* [Work instruction] Begin at the line below that holds "Koleksiyonerlerin merakla beklediği" and end at the line that holds "会议上,毕业论文工作负责人李", transcribing each line exactly and skipping any picture.

═══ Records supplied ═══

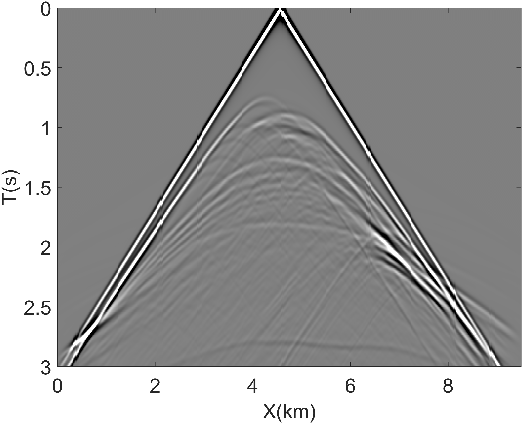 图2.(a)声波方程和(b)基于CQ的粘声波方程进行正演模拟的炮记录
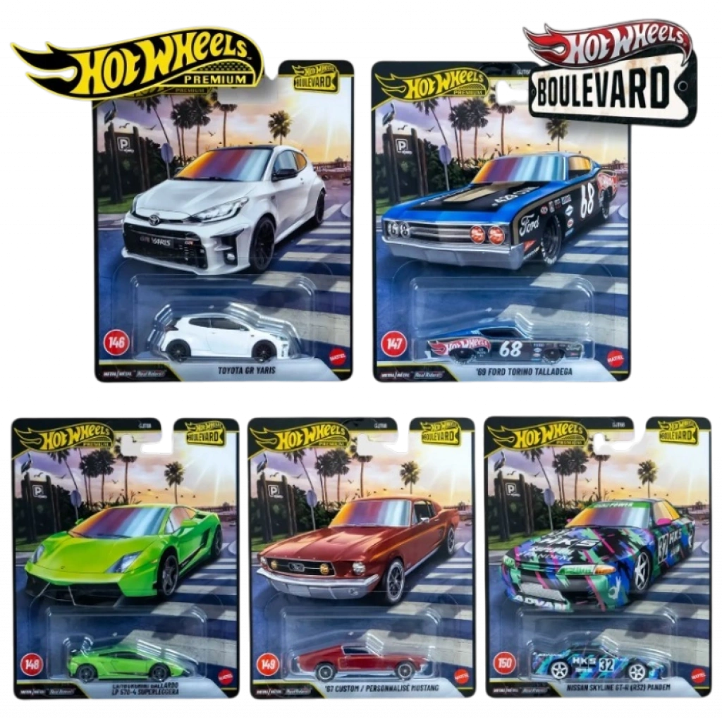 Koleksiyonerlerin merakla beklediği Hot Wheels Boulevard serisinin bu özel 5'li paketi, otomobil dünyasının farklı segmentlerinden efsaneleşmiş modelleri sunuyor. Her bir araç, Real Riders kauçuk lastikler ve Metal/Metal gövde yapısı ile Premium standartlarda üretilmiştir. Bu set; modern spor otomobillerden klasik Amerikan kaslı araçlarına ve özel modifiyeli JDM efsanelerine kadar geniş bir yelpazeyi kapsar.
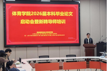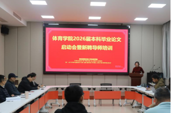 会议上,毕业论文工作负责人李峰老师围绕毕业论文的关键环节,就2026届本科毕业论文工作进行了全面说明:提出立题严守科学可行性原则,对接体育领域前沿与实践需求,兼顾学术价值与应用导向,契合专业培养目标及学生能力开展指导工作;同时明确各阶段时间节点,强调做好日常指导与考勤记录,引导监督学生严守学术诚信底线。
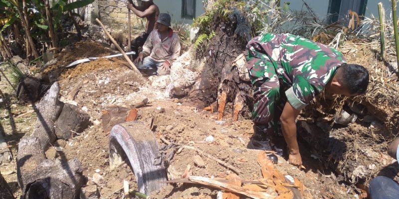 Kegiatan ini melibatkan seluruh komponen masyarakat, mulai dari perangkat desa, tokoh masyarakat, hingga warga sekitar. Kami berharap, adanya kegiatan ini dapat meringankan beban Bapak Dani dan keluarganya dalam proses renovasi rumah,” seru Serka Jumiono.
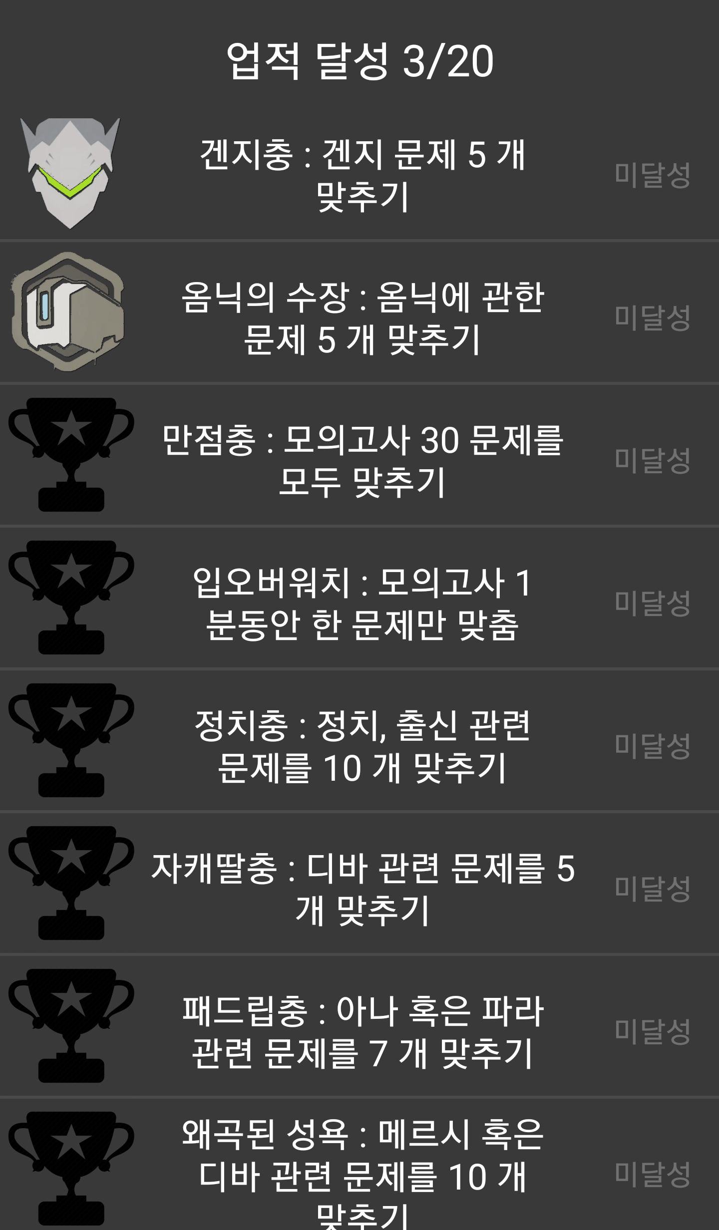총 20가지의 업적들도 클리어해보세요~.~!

═══

* [Answer section]
 Koleksiyonerlerin merakla beklediği Hot Wheels Boulevard serisinin bu özel 5'li paketi, otomobil dünyasının farklı segmentlerinden efsaneleşmiş modelleri sunuyor. Her bir araç, Real Riders kauçuk lastikler ve Metal/Metal gövde yapısı ile Premium standartlarda üretilmiştir. Bu set; modern spor otomobillerden klasik Amerikan kaslı araçlarına ve özel modifiyeli JDM efsanelerine kadar geniş bir yelpazeyi kapsar.
 会议上,毕业论文工作负责人李峰老师围绕毕业论文的关键环节,就2026届本科毕业论文工作进行了全面说明:提出立题严守科学可行性原则,对接体育领域前沿与实践需求,兼顾学术价值与应用导向,契合专业培养目标及学生能力开展指导工作;同时明确各阶段时间节点,强调做好日常指导与考勤记录,引导监督学生严守学术诚信底线。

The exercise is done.